By MIRSKY & COMPANY, PLLC

Shorts: TheDirty.com Loses CDA Section 230 Protection

Earlier this year a federal district court in Kentucky rejected the efforts of TheDirty.com to invoke Section 230 of the Communications Decency Act (CDA) to dismiss a defamation lawsuit filed against it by a former Cincinnati Bengals cheerleader.  The decision is significant because it is an unusual failure of a website populated almost entirely by user-generated and user-generated content to be able to rely on the protections of Section 230 of (CDA).

TheDirty.com is a gossip website, described this way by Eric Robinson on the Citizen Media Law Blog: “In addition to a bit of celebrity gossip and paparazzi-type pictures, the site also invites anyone to post pictures – often revealing, embarrassing, or insulting – of others for comment by users and, sometimes, the site’s proprietor.”

Section 230 of the CDA states that “No provider or user of an interactive computer service shall be treated as the publisher or speaker of any information provided by another information content provider.”  In plain English, Section 230 has been understood – and applied – to mean that most prominent websites cannot be held liable for the defamatory actions of their users, usually regardless of the complacency in and encouragement of those actions.

There have been exceptions, most notably 2 cases cited by the District Court in this case in support of its decision: Fair Housing Council of San Fernando Valley v. Roommates.com and Federal Trade Commission v. Accusearch.  The Roommates.com case involved an apartment search site which was denied Section 230 protection because of its deemed proactive participation in the potential discriminatory activity through providing structured search criteria which allowed users to search by race.  Accusearch involved a website that sold metadata about individuals’ telephone calls, which information could not be legally sold in violation of various federal laws.  The information was still out there, however, and various third parties continued to peddle it, and Accusearch’s site facilitated that.  The problem, as Eric Goldman described it, was this:

Abika.com [Accusearch’s subsidiary] apparently was structured as a classic retailer in that it advertised the third party reports, processed customer payments, and delivered the subsequent reports to customers as if the reports were its own (Abika.com even stripped out the third party vendor’s identifying information). So the veneer of Abika.com simply being a passive intermediary between customers and vendors may have been overwhelmed by Abika’s active and overwhelming presence in the transaction.
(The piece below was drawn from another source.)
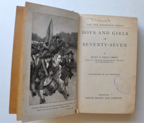 Smith, Mary P. Wells; Boys and Girls of Seventy-Seven; Boston; Little, Brown, and Company; 1909. Part of The Old Deerfield Series. Illustrated by Ch. Grunwald.
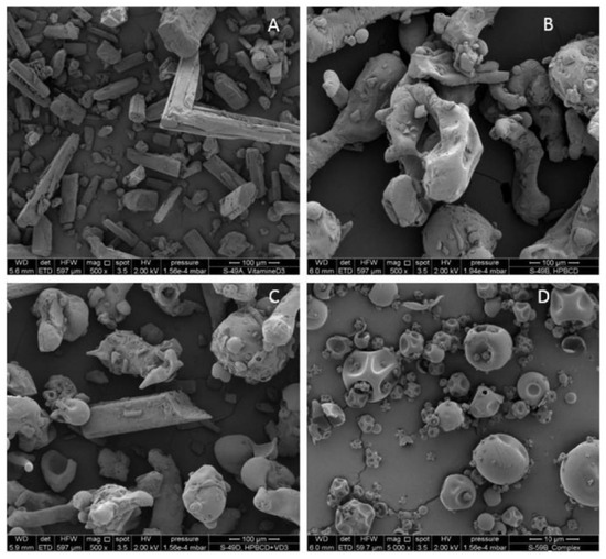 The SEM technique was utilized to investigate the particle size and morphology of the VD/CD complexes [42,93,98]. Bakirova and co-workers studied the formation of the VD3/βCD inclusion complexes with a molar ratio of 1:2 using the SEM method. The comparison of sample surfaces showed significant differences between pure βCD, the physical mixture of VD3 and βCD, and the inclusion complex VD3/βCD. The SEM pictures revealed that βCD exhibited a crystalline rhombic structure, while VD3 displayed irregular-shaped particles. In the physical mixture, the characteristic particles of VD3 and the parallelogram structure of βCD existed coincidentally and separately, showing no change in the physical forms of the individual substances. In contrast, the inclusion complex presented a remarkable change in the morphology and the shape of the separate particles of VD3, and βCD was no longer indistinguishable. Modification in the shape of particles suggested the formation of the VD3 inclusion complex with βCD [93]. Similar results were obtained by Wang et al. [98] in studies on the VD3 complex with HPβCD. SEM images revealed the differences in the microstructures of pure VD3, HPβCD, their physical mixture, and a spray-dried VD3/HPβCD complex. The crystal structure of VD3 had a needle shape, while HPβCD’s image was typical for amorphous materials. In the SEM photo of the physical mixture, the crystalline VD3 could be found intermixed with HPβCD. However, the inclusion complex VD3/HPβCD displayed the typical morphology of spray-drying amorphous materials, and the particle size was less than 10 µm. The comparison of these four images showed that the complex had a different microstructure compared toVD3, HPβCD, and their physical mixture, which confirmed the formation of the inclusion complex and its amorphous nature [98].

With TheDirty.com, that problem was analogized to the one of an active solicitor of defamatory content, even if the interactive computer service” provider was not itself the originator of the offending content:

This Court holds that, under the principles of Roommates.com and Accusearch, the defendants here, through the activities of defendant Richie, “specifically encourage development of what is offensive about the content” of “the dirty.com” web site.

An appeal of the decision by TheDirty.com to the 6th Circuit Court of Appeals was rejected, although not on substantive grounds but rather procedurally due to “fail[ure] to demonstrate how a substantial public interest will be imperiled by delaying [the] appeal until after the district court enters a final order.”  Jones v. Dirty World Entertainment Recordings, Inc., No. 12-5133 (6th Cir. May 9, 2012).